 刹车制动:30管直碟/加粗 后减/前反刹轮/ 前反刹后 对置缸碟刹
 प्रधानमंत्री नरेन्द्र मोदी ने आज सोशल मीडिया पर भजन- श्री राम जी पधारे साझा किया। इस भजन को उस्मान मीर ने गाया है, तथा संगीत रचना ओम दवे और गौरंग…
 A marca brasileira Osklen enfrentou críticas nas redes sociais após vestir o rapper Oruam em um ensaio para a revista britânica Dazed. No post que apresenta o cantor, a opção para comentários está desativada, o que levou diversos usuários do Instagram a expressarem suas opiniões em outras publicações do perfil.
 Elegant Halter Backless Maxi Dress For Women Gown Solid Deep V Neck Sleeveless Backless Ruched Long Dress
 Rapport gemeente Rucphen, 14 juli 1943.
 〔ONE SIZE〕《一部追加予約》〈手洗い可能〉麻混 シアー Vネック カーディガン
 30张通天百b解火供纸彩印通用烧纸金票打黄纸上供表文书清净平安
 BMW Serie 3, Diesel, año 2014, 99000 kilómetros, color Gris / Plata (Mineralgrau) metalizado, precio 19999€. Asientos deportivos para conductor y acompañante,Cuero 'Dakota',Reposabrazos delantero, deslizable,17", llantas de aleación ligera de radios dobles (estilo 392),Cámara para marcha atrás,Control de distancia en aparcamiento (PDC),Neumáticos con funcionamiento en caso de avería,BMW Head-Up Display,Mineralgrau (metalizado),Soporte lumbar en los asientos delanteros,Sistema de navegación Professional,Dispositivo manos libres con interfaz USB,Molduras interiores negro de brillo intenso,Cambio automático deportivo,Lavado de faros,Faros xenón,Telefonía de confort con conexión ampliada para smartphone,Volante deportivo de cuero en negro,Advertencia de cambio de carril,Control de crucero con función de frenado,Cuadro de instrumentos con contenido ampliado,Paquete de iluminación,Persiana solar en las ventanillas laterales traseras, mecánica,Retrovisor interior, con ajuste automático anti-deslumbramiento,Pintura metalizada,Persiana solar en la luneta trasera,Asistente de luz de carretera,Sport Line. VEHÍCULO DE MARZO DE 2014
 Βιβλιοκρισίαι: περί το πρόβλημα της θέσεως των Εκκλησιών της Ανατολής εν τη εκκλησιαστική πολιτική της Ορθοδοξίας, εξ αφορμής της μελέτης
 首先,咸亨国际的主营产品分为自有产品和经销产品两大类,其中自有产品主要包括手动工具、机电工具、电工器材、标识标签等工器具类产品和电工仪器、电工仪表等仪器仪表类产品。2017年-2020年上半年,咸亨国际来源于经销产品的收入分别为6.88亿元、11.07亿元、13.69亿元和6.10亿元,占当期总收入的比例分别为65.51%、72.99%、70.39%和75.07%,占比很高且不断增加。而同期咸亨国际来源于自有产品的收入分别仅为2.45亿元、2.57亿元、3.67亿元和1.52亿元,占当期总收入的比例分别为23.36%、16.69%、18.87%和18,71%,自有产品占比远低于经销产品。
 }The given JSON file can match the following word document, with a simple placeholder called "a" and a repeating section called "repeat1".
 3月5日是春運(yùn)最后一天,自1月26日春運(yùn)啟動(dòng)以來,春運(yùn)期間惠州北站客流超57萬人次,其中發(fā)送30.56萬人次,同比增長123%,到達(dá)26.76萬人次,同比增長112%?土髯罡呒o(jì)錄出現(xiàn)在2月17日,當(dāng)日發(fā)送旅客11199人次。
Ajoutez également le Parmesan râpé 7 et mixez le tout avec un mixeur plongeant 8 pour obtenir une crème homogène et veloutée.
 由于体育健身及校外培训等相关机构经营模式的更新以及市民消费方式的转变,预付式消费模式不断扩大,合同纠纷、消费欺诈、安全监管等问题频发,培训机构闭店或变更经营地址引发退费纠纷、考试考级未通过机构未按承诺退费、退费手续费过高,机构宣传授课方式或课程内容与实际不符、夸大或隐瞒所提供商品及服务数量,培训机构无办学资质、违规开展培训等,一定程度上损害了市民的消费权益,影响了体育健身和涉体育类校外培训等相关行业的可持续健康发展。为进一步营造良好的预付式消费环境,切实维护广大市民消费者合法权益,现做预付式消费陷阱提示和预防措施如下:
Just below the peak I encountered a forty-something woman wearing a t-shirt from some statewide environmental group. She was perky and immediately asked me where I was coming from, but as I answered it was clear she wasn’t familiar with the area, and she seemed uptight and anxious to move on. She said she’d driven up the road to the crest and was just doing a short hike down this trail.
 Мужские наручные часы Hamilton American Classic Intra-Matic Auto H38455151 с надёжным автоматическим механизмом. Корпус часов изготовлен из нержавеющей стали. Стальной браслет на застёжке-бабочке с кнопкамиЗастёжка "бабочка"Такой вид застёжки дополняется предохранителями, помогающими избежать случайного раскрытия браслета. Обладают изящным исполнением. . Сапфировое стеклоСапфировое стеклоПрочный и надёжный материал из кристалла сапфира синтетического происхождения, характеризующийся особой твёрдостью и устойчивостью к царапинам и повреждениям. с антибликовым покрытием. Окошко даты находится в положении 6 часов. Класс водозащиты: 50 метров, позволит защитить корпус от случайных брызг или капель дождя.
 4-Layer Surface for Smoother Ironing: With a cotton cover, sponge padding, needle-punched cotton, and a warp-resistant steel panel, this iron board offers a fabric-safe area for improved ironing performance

---

### PROBLEM STATEMENT:
Go through the records above and set each one down exactly, please.

### OUTPUT OF THE EXERCISE:
 刹车制动:30管直碟/加粗 后减/前反刹轮/ 前反刹后 对置缸碟刹
 प्रधानमंत्री नरेन्द्र मोदी ने आज सोशल मीडिया पर भजन- श्री राम जी पधारे साझा किया। इस भजन को उस्मान मीर ने गाया है, तथा संगीत रचना ओम दवे और गौरंग…
 A marca brasileira Osklen enfrentou críticas nas redes sociais após vestir o rapper Oruam em um ensaio para a revista britânica Dazed. No post que apresenta o cantor, a opção para comentários está desativada, o que levou diversos usuários do Instagram a expressarem suas opiniões em outras publicações do perfil.
 Elegant Halter Backless Maxi Dress For Women Gown Solid Deep V Neck Sleeveless Backless Ruched Long Dress
 Rapport gemeente Rucphen, 14 juli 1943.
 〔ONE SIZE〕《一部追加予約》〈手洗い可能〉麻混 シアー Vネック カーディガン
 30张通天百b解火供纸彩印通用烧纸金票打黄纸上供表文书清净平安
 BMW Serie 3, Diesel, año 2014, 99000 kilómetros, color Gris / Plata (Mineralgrau) metalizado, precio 19999€. Asientos deportivos para conductor y acompañante,Cuero 'Dakota',Reposabrazos delantero, deslizable,17", llantas de aleación ligera de radios dobles (estilo 392),Cámara para marcha atrás,Control de distancia en aparcamiento (PDC),Neumáticos con funcionamiento en caso de avería,BMW Head-Up Display,Mineralgrau (metalizado),Soporte lumbar en los asientos delanteros,Sistema de navegación Professional,Dispositivo manos libres con interfaz USB,Molduras interiores negro de brillo intenso,Cambio automático deportivo,Lavado de faros,Faros xenón,Telefonía de confort con conexión ampliada para smartphone,Volante deportivo de cuero en negro,Advertencia de cambio de carril,Control de crucero con función de frenado,Cuadro de instrumentos con contenido ampliado,Paquete de iluminación,Persiana solar en las ventanillas laterales traseras, mecánica,Retrovisor interior, con ajuste automático anti-deslumbramiento,Pintura metalizada,Persiana solar en la luneta trasera,Asistente de luz de carretera,Sport Line. VEHÍCULO DE MARZO DE 2014
 Βιβλιοκρισίαι: περί το πρόβλημα της θέσεως των Εκκλησιών της Ανατολής εν τη εκκλησιαστική πολιτική της Ορθοδοξίας, εξ αφορμής της μελέτης
 首先,咸亨国际的主营产品分为自有产品和经销产品两大类,其中自有产品主要包括手动工具、机电工具、电工器材、标识标签等工器具类产品和电工仪器、电工仪表等仪器仪表类产品。2017年-2020年上半年,咸亨国际来源于经销产品的收入分别为6.88亿元、11.07亿元、13.69亿元和6.10亿元,占当期总收入的比例分别为65.51%、72.99%、70.39%和75.07%,占比很高且不断增加。而同期咸亨国际来源于自有产品的收入分别仅为2.45亿元、2.57亿元、3.67亿元和1.52亿元,占当期总收入的比例分别为23.36%、16.69%、18.87%和18,71%,自有产品占比远低于经销产品。
 }The given JSON file can match the following word document, with a simple placeholder called "a" and a repeating section called "repeat1".
 3月5日是春運(yùn)最后一天,自1月26日春運(yùn)啟動(dòng)以來,春運(yùn)期間惠州北站客流超57萬人次,其中發(fā)送30.56萬人次,同比增長123%,到達(dá)26.76萬人次,同比增長112%?土髯罡呒o(jì)錄出現(xiàn)在2月17日,當(dāng)日發(fā)送旅客11199人次。
Ajoutez également le Parmesan râpé 7 et mixez le tout avec un mixeur plongeant 8 pour obtenir une crème homogène et veloutée.
 由于体育健身及校外培训等相关机构经营模式的更新以及市民消费方式的转变,预付式消费模式不断扩大,合同纠纷、消费欺诈、安全监管等问题频发,培训机构闭店或变更经营地址引发退费纠纷、考试考级未通过机构未按承诺退费、退费手续费过高,机构宣传授课方式或课程内容与实际不符、夸大或隐瞒所提供商品及服务数量,培训机构无办学资质、违规开展培训等,一定程度上损害了市民的消费权益,影响了体育健身和涉体育类校外培训等相关行业的可持续健康发展。为进一步营造良好的预付式消费环境,切实维护广大市民消费者合法权益,现做预付式消费陷阱提示和预防措施如下:
Just below the peak I encountered a forty-something woman wearing a t-shirt from some statewide environmental group. She was perky and immediately asked me where I was coming from, but as I answered it was clear she wasn’t familiar with the area, and she seemed uptight and anxious to move on. She said she’d driven up the road to the crest and was just doing a short hike down this trail.
 Мужские наручные часы Hamilton American Classic Intra-Matic Auto H38455151 с надёжным автоматическим механизмом. Корпус часов изготовлен из нержавеющей стали. Стальной браслет на застёжке-бабочке с кнопкамиЗастёжка "бабочка"Такой вид застёжки дополняется предохранителями, помогающими избежать случайного раскрытия браслета. Обладают изящным исполнением. . Сапфировое стеклоСапфировое стеклоПрочный и надёжный материал из кристалла сапфира синтетического происхождения, характеризующийся особой твёрдостью и устойчивостью к царапинам и повреждениям. с антибликовым покрытием. Окошко даты находится в положении 6 часов. Класс водозащиты: 50 метров, позволит защитить корпус от случайных брызг или капель дождя.
 4-Layer Surface for Smoother Ironing: With a cotton cover, sponge padding, needle-punched cotton, and a warp-resistant steel panel, this iron board offers a fabric-safe area for improved ironing performance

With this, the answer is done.